PROMPT
Exact transcription, pictures omitted: begin at the top line of the records below and end with the line bearing "Δένδιας: Επιμνημόσυνη δέηση".
(INFORMATION SHOWN begins)
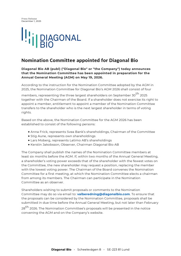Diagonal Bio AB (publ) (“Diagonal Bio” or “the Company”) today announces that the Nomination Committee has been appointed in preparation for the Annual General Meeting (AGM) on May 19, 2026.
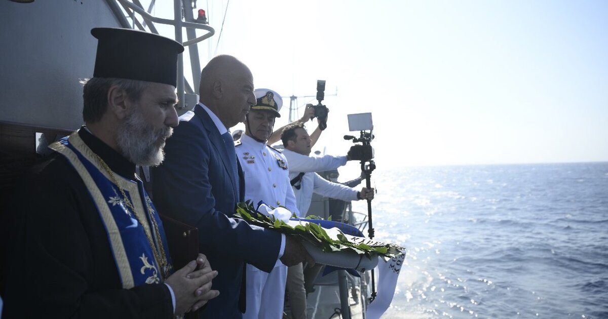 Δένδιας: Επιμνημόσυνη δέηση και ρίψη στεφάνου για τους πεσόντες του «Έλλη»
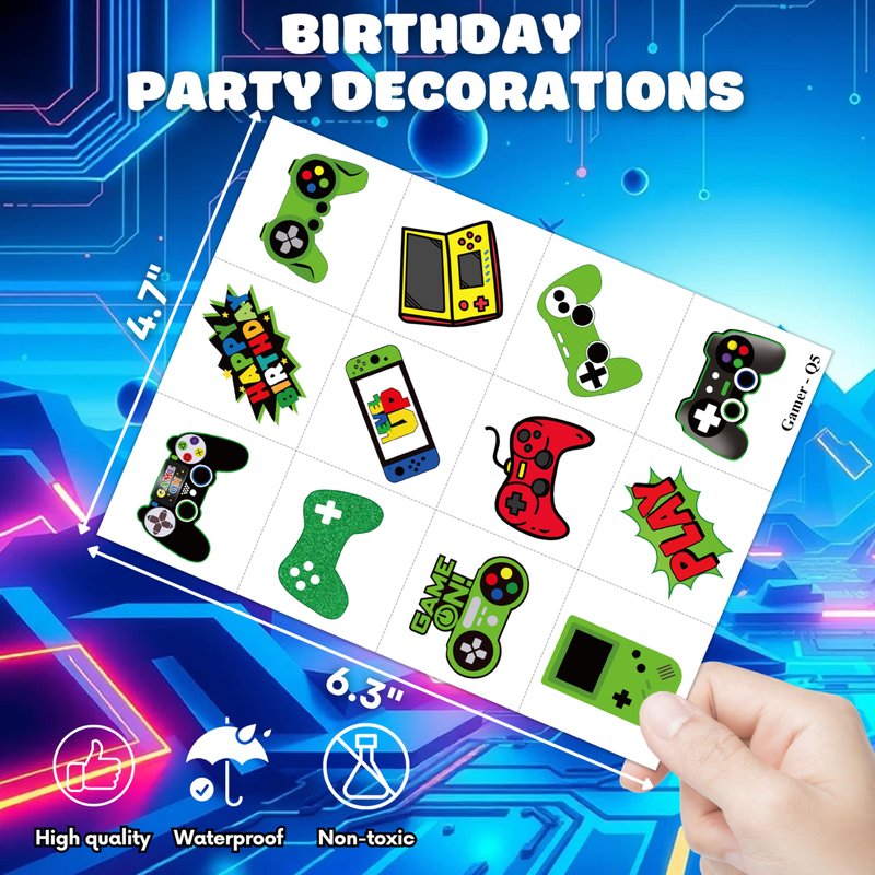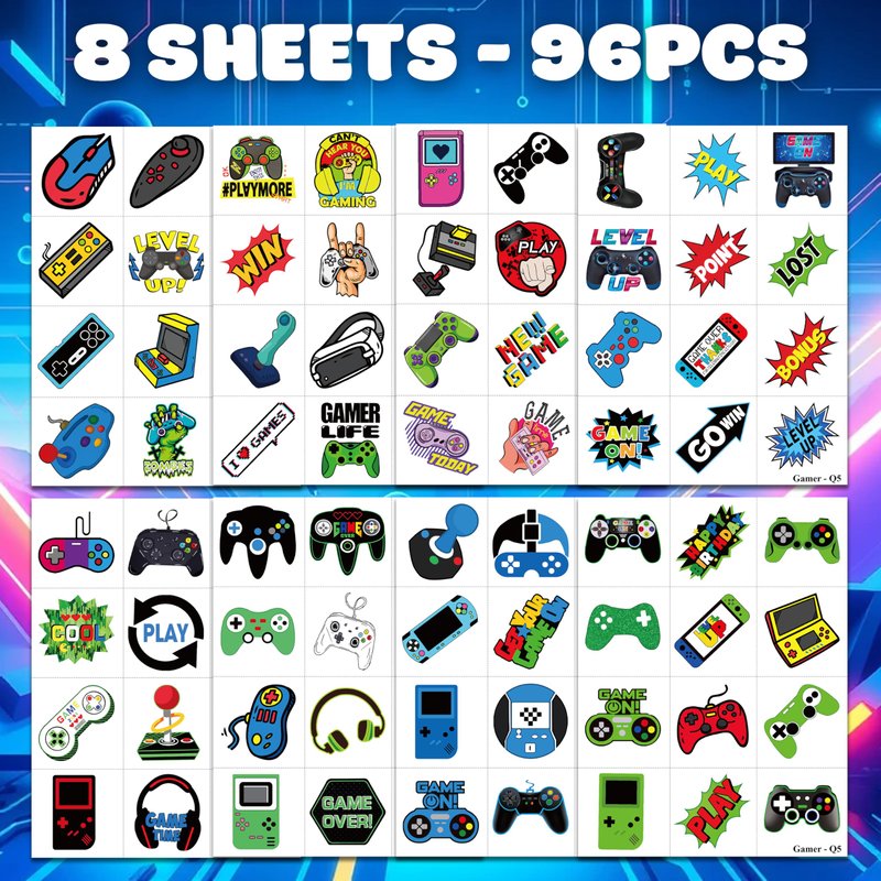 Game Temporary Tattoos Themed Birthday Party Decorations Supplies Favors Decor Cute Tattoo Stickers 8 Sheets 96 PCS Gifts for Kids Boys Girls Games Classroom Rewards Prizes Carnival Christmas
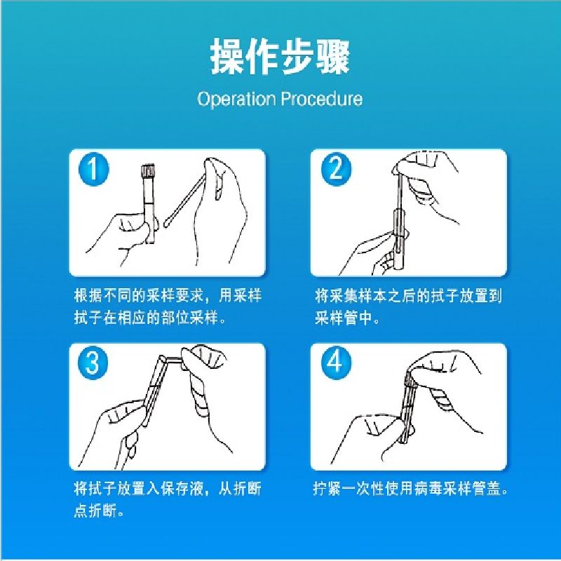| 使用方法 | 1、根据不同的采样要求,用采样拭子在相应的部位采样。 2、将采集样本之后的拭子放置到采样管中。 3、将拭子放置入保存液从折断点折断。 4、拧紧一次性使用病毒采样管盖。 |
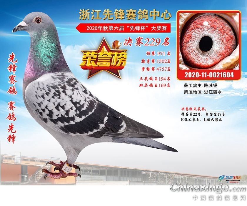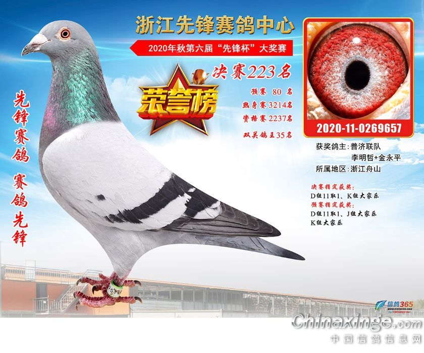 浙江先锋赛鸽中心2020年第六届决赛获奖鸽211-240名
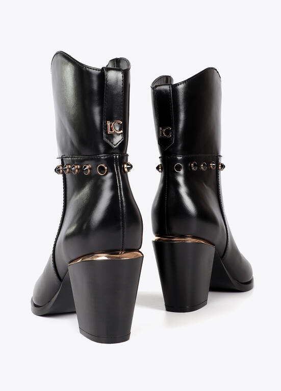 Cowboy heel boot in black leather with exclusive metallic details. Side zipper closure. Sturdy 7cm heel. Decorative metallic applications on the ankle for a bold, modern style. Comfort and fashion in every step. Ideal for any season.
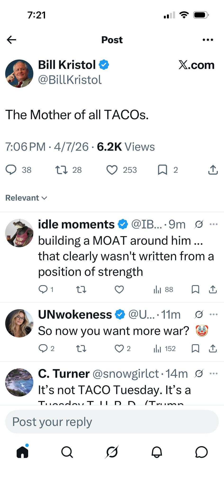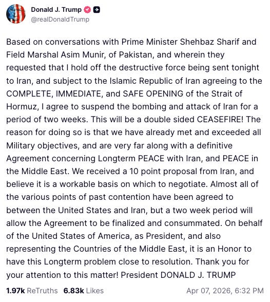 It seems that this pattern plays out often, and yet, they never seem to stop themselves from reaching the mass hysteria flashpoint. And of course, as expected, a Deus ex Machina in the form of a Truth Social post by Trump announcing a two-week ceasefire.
(INFORMATION SHOWN ends)
RESULT OF THE EXERCISE
Diagonal Bio AB (publ) (“Diagonal Bio” or “the Company”) today announces that the Nomination Committee has been appointed in preparation for the Annual General Meeting (AGM) on May 19, 2026.
 Δένδιας: Επιμνημόσυνη δέηση και ρίψη στεφάνου για τους πεσόντες του «Έλλη»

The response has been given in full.